(Data extracted from a collection)

= = =

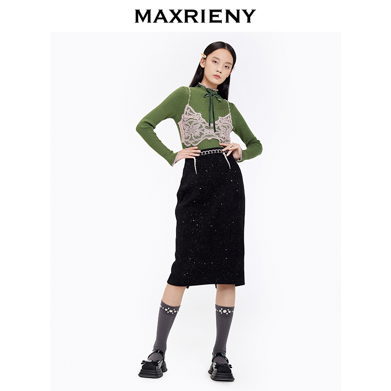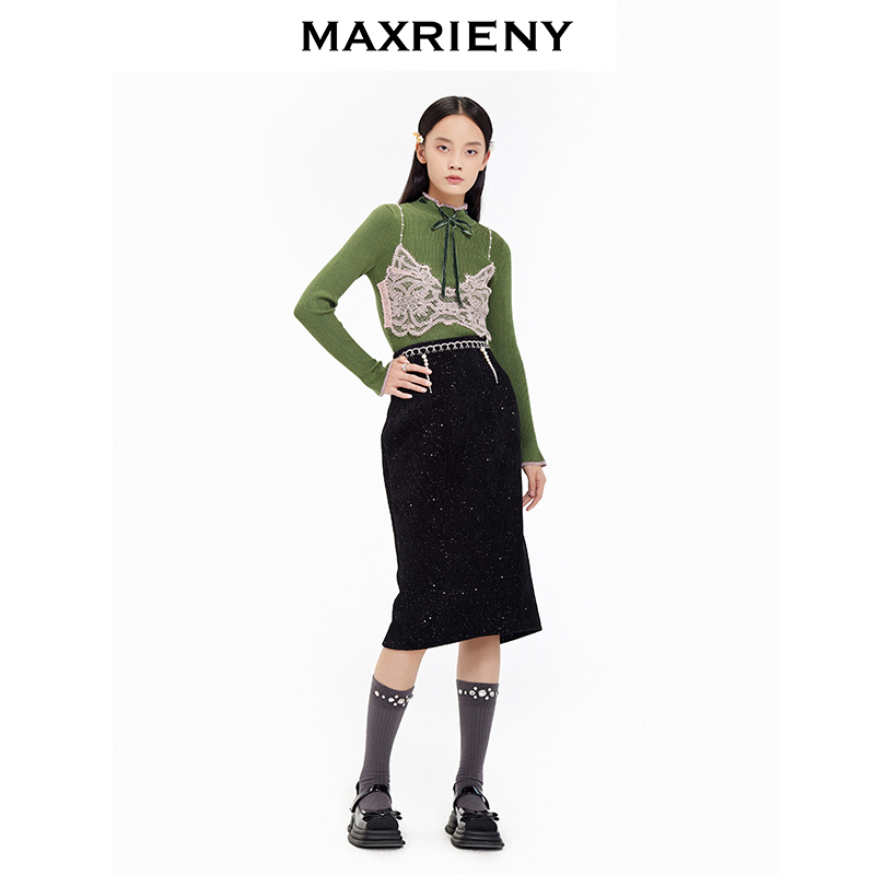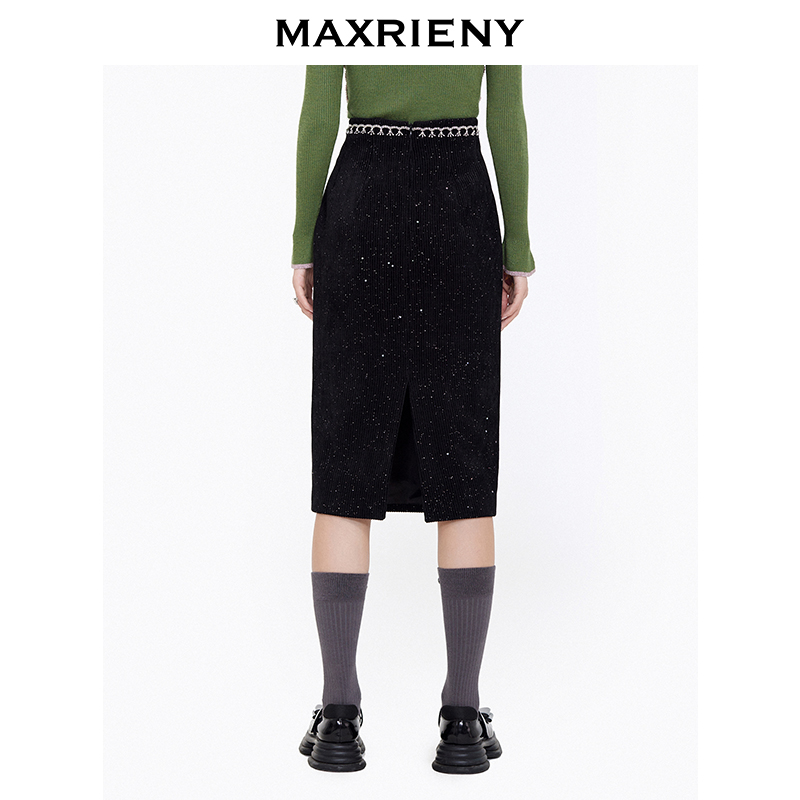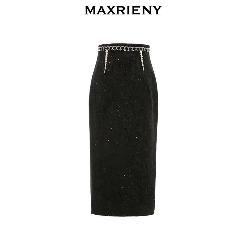 MAXRIENY winter new retro black slim high waist skirt Hepburn style midi skirt bag hip skirt women
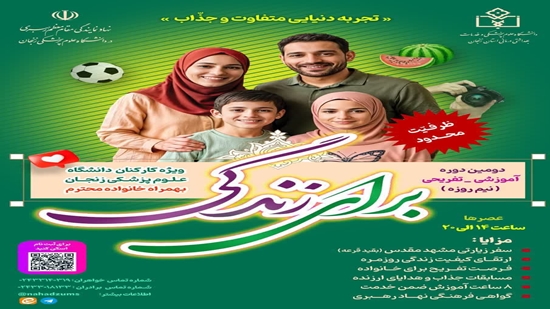 دومین دوره آموزشی_تفریحی «برای زندگی» به‌ همت نهاد نمایندگی مقام معظم رهبری با همکاری بخش‌های مختلف دانشگاه علوم پزشکی زنجان و حضور جمعی از کارکنان دانشگاه به همراه خانواده، در باغ رفاهی دانشگاه زنجان، برگزار می‌شود.
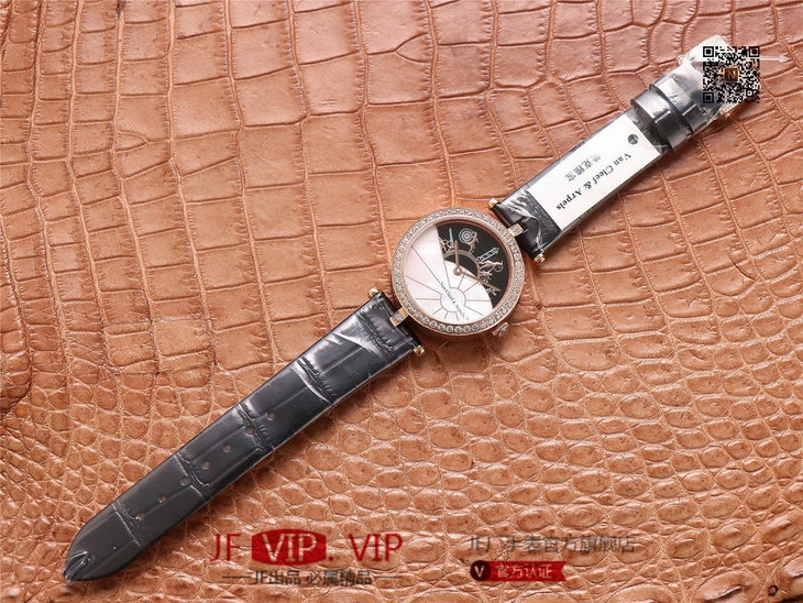 JW梵克雅宝诗意复杂功能系列(巴黎的一天),字面A盘由缟玛瑙跟CNC雕刻铜人打造,机械机芯,女士腕表,皮表带,自动机械机 商品图9
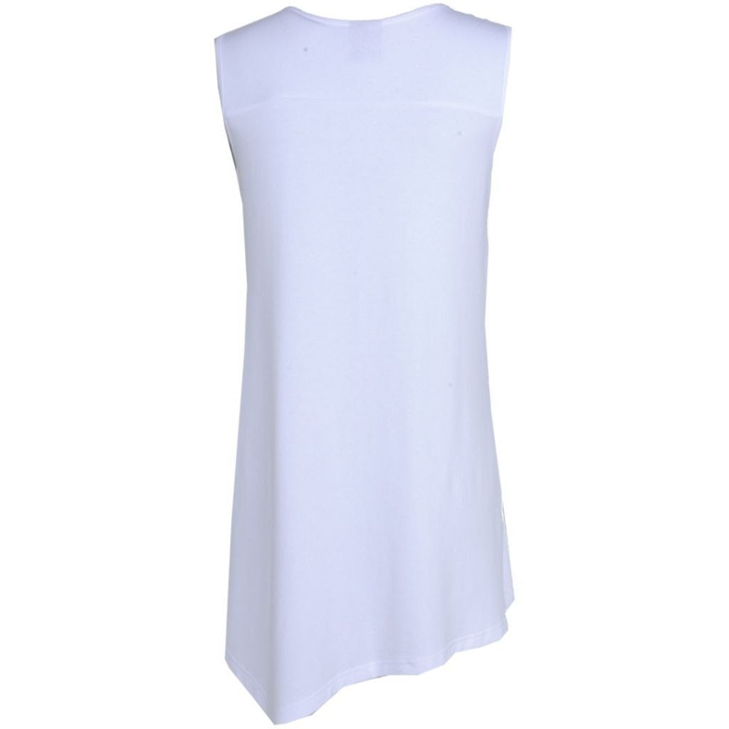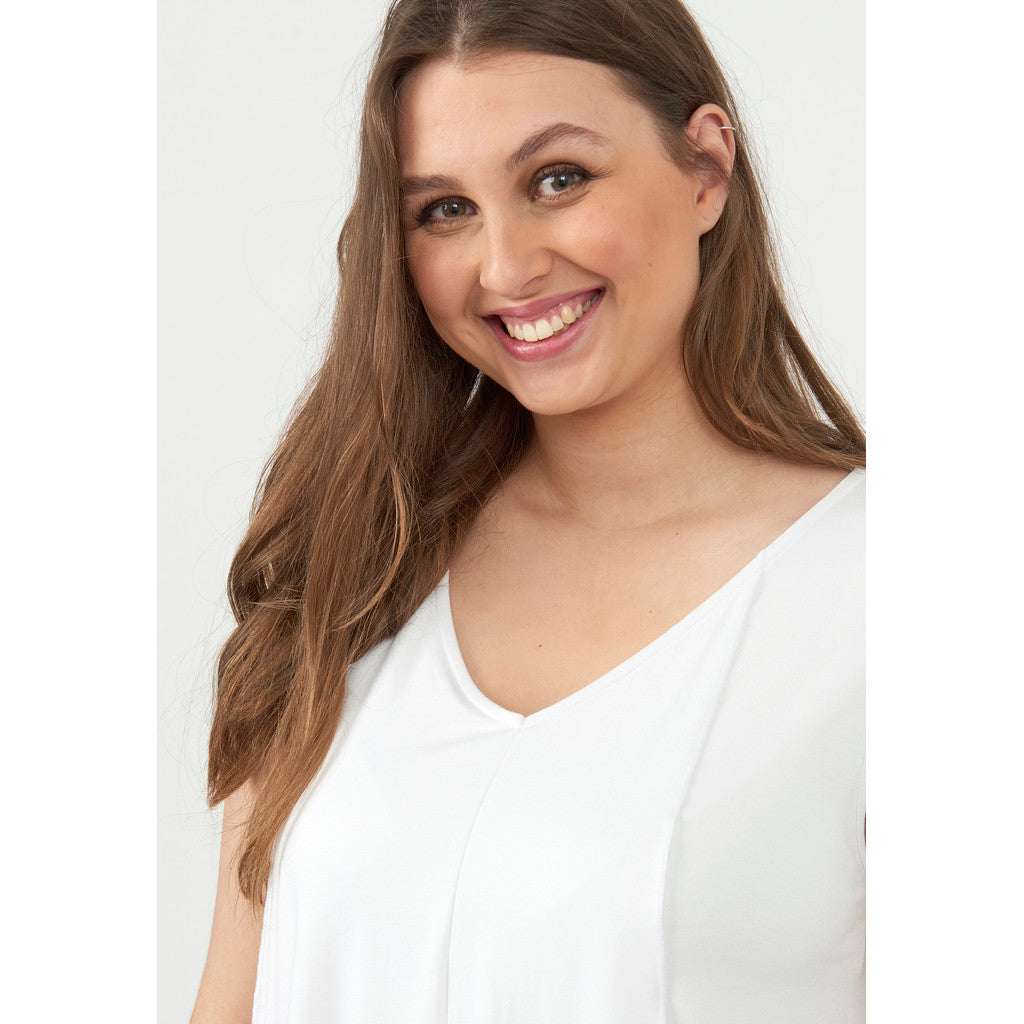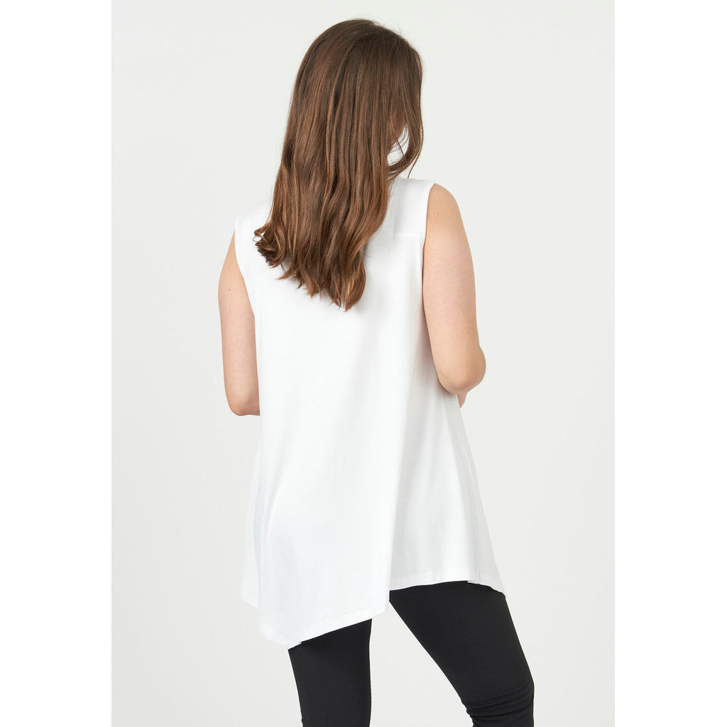 Ärmlös topp med feminin v-ringning. Modellen är löst sittande och tillverkad med två extra triangulära delar framtill som faller fint framför kroppen och skapar ett superfint och smickrande utseende.
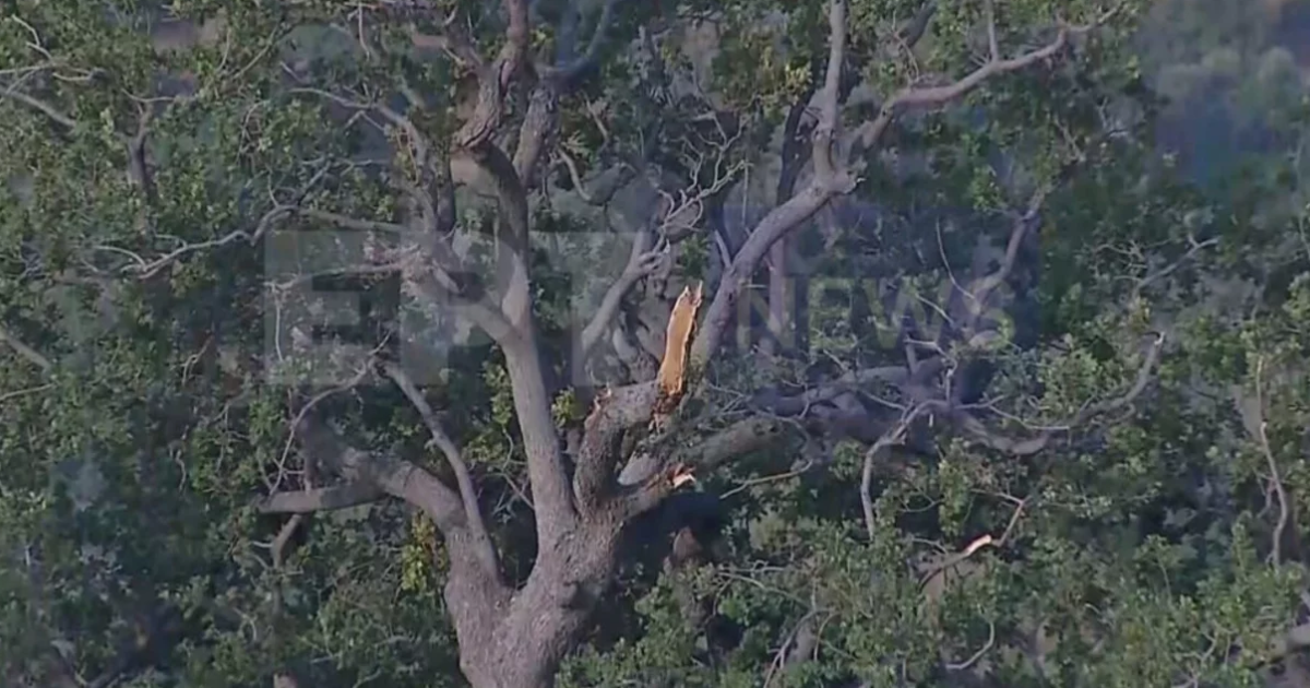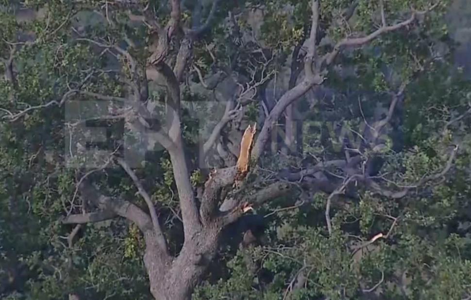 Το κλαδί του δέντρου στο οποίο πιθανολογείται ότι χτύπησε το Canadair κι έχασε τον πλωτήρα με αποτέλεσμα να συντριβεί κατέγραψε η κάμερα της ΕΡΤ.
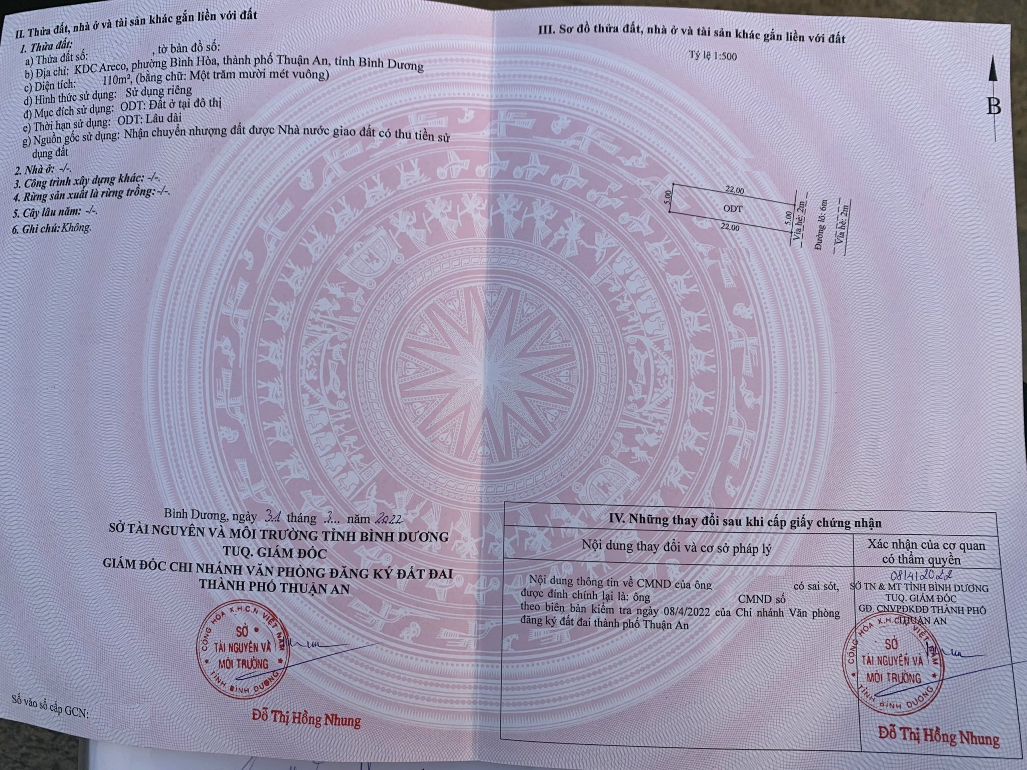*Diện Tích đất công nhận: 110m2 (ngang 5m x dài 22m)

= = =

Look above for the line with "دومین دوره آموزشی_تفریحی" and the line with "Ärmlös topp med", then restate exactly those two lines and all lines between them, with no pictures.

 دومین دوره آموزشی_تفریحی «برای زندگی» به‌ همت نهاد نمایندگی مقام معظم رهبری با همکاری بخش‌های مختلف دانشگاه علوم پزشکی زنجان و حضور جمعی از کارکنان دانشگاه به همراه خانواده، در باغ رفاهی دانشگاه زنجان، برگزار می‌شود.
 JW梵克雅宝诗意复杂功能系列(巴黎的一天),字面A盘由缟玛瑙跟CNC雕刻铜人打造,机械机芯,女士腕表,皮表带,自动机械机 商品图9
 Ärmlös topp med feminin v-ringning. Modellen är löst sittande och tillverkad med två extra triangulära delar framtill som faller fint framför kroppen och skapar ett superfint och smickrande utseende.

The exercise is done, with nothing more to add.